I'm inspired by this outfit.
Inspired to laugh until my sides hurt!
Could these shoulder pads be any bigger?
Maybe she's in football training.

OK, the cute guy who is actually not even looking at the lady in red (ooh, wait - that song was from the 80s, too - Chris DeBurgh, where are you?) is the mover (piano mover) and the girl with the Walkman striking a very natural looking pose is... the shaker!  Remember all the colored nylons of the 80s?

Consoling each other:  "I'm so embarrassed to wear these mom jeans, aren't you?"  Pants to your waist.  What a novel idea.   Everybody wore them - not just the moms.

My daughter doesn't even know where her waist is.

Three words:  chaste, lace, waist (just cinch it).  Believe it or not, women could actually dress modestly in the 80s and still be in fashion.  Big permed hair was all the rage, too.  Wait, weren't these the three vampire nymphs in Bram Stoker's Dracula that I saw for Halloween?

These girls look a bit apprehensive.  What are they looking at?  The arrival of the fashion police?  Or is Sally Jesse Raphael coming to get her glasses back?

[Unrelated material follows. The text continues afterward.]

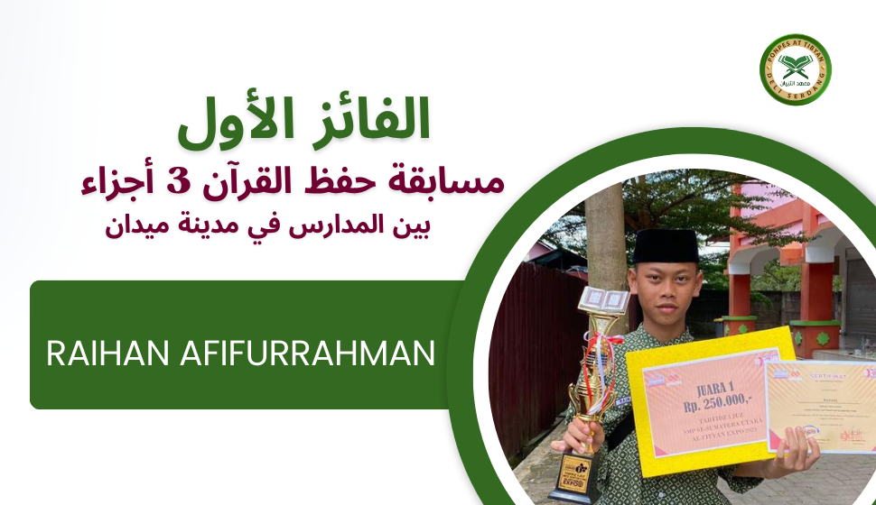 ريحان أفيفورحمان، طالب في الصف الثاني في مدرسة مشهورة للتعليم الإسلامي في إندونيسيا، حقق إنجازًا ملحوظًا بتحقيقه المركز الأول في مسابقة حفظ القرآن الكريم في شمال سومطرة في فئة الجزء الثلاثي. تم تحقيق هذا الإنجاز في إطار فعاليات “معرض الفتيان 2023” في مدينة ميدان. بفضل تفانيه واجتهاده، نجح ريحان في تفوقه على المشاركين الآخرين، مما يكتب إنجازًا يعتز به الحلقة الدينية التي ينتمي إليها، ويُعَدُّ مصدر إلهام لزملائه الطلاب في حفظ القرآن. هذا الإنجاز يبرز أيضًا التزام ريحان بتطوير العلوم الإسلامية وسط تحديات العصر.

Here's a young couple reminiscing over the old diary they found in her childhood hope chest.  "Dear Diary:  Someday I'll meet the man of my dreams and he'll be wearing acid wash jeans, a pastel sweater and permed hair."

Can't touch this!  It's Hammer time!

Romance was big in the Victoria magazine of the late 80s - flowered dresses, straw hats, french braided hair (never could do that).  Grown, adult women even wore dresses like this back then.

Oh yeah, I found tons of ads promoting these dresses.  I think we all wore them.  We may not want to admit it, but we did.  Oh, the pain... the pain of those dad-blasted drop waisted dresses.  Who could wear them?  Certainly not we pears!

Yes, indeed - this gal is thinking, "Sure, you may be laughing at me with my shoulder pads, cinched waist and overly cuffed cuffs - but give it 20 years and take a look back at what you're wearing now.  Then we'll see who's laughing."